In the real case scenario...not the trading up hypothetical...the dog temporarily lost what it was guarding....but most importantly ...it was not the issue of what the dog was guarding...it was the behavior exhibited...and furthermore, once order was restored the dog was back on the bed..so the dog lost nothing in relationship to the actual item it was guarding.....just a refresher course on civil conduct.

Does that make any sense ???


SuperG


----------



## SuperG (May 11, 2013)

my boy diesel,


I appreciate your conviction to your approach....

I do have a question for you...what I am hearing you say is....if your dog ever growled/snapped at you...you would never react to that infraction whatsoever but resort to a series of trading up ploys over the upcoming weeks and in that method..assume the dog will never growl/snap at you again..correct?

SuperG


----------



## Cassidy's Mom (Mar 30, 2003)

llombardo said:


> The OP stated what happened, the dog is older. Never growled before and within a couple posts it was recommended to do the trading up. So yes it was recommended once the dog already showed resource guarding.

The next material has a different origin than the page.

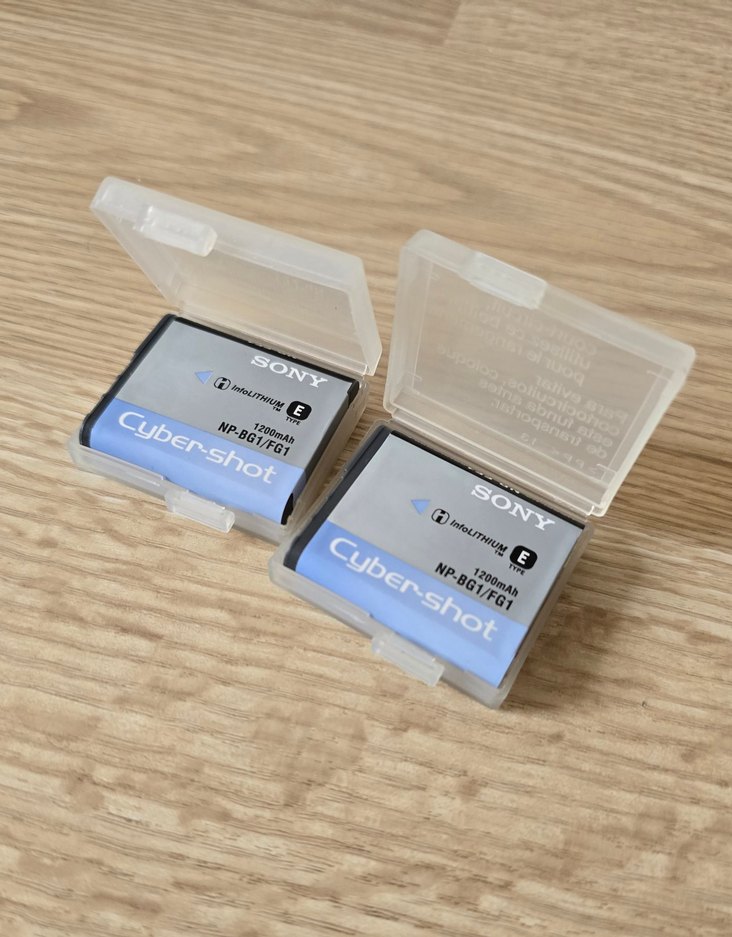 2 adet Koruyucu kutularda mavi Sony Cyber-shot batarya, NP-BG1/FG1 modeli, dijital kameralar için uygun.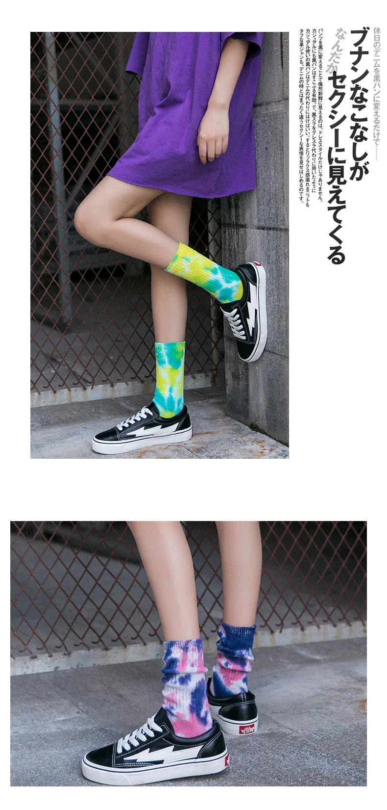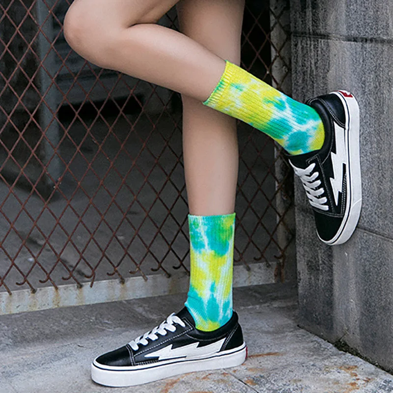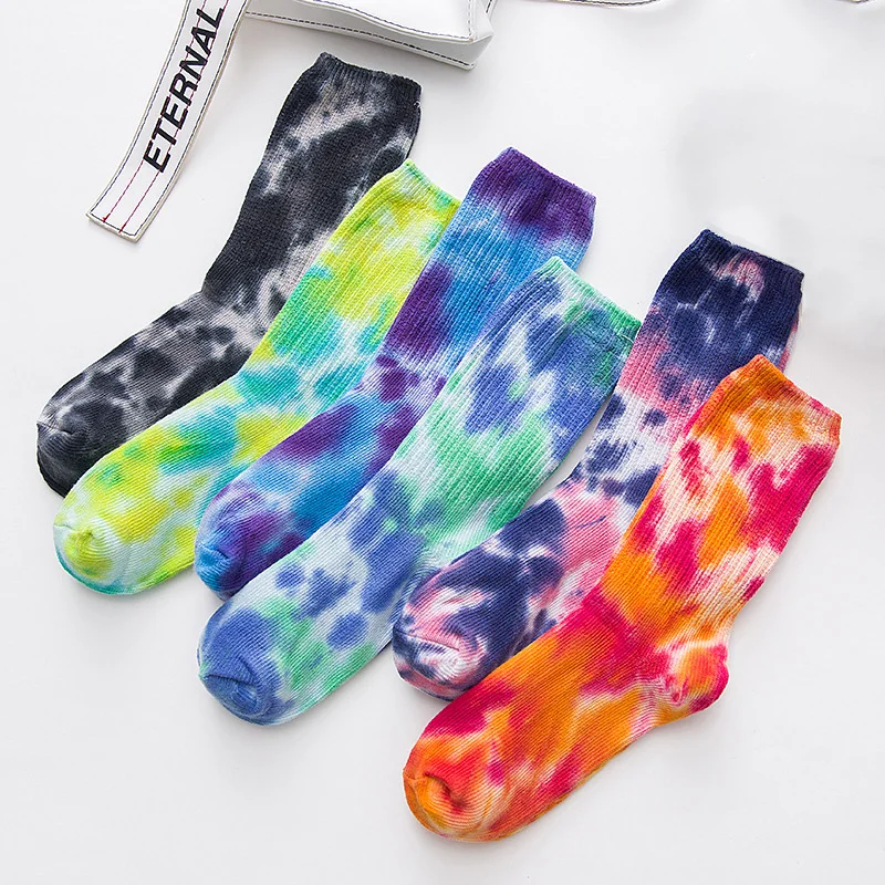 Носки мужскиеженские в стиле Харадзюку, хлопок, разноцветные, с принтом тай-дай

Ah, I see why there's confusion. But this is the post you're referring to, which is the first time the trade up game is mentioned:



my boy diesel said:


> trade up
> The “trade game” for dogs | Ruffly Speaking: Railing against idiocy since 2004


It's the 5th post in the thread: http://www.germanshepherds.com/foru...2-sigh-possession-aggression.html#post5560658

But if you read the link, it's about using trading games _to train_, not as an emergency measure to get something away from your dog after they've begun to resource guard. And in fact, the thread isn't about taking something away from a dog that they shouldn't have at all, it's about a dog that's uncomfortable with people nearby when it has a valuable resource, hence the growling. 

From the link:



> This morning I went looking for a good description of the “trade game,” which is a simple method to lessen food issues and object possession issues in dogs.....





> Instead, assume that any dog who is snapping at you over food, or over a toy, or who tenses up and growls if you try to push him off the couch, is more afraid than he is dominant. He is pretty sure that your hands are coming at him to take away a thing that is making him feel good, and in fact your hands are quite possibly going to make him feel BAD–going to bring discomfort (being pushed off the couch) or bring isolation (putting him in his crate) or bring hunger (taking away food). Those are VERY POWERFUL messages, and we should never be astonished that a dog objects to them.
> 
> So what we need to do is change his mind about what hands mean. You DO need to get your way (he should not be allowed to eat whatever he wants, or chew on a prescription bottle, or guard the couch), but you need to make giving things up to you a positive experience (notice that he is GIVING them to you) not a negative “taking” experience. This is the way dogs do it themselves–when Clue walks up to a dog who has a toy she wants, and she’s actually serious about it (as opposed to inviting them to a game of tug or chase), the dog immediately drops it and backs up. She requests a “give”; she does not ever “take.”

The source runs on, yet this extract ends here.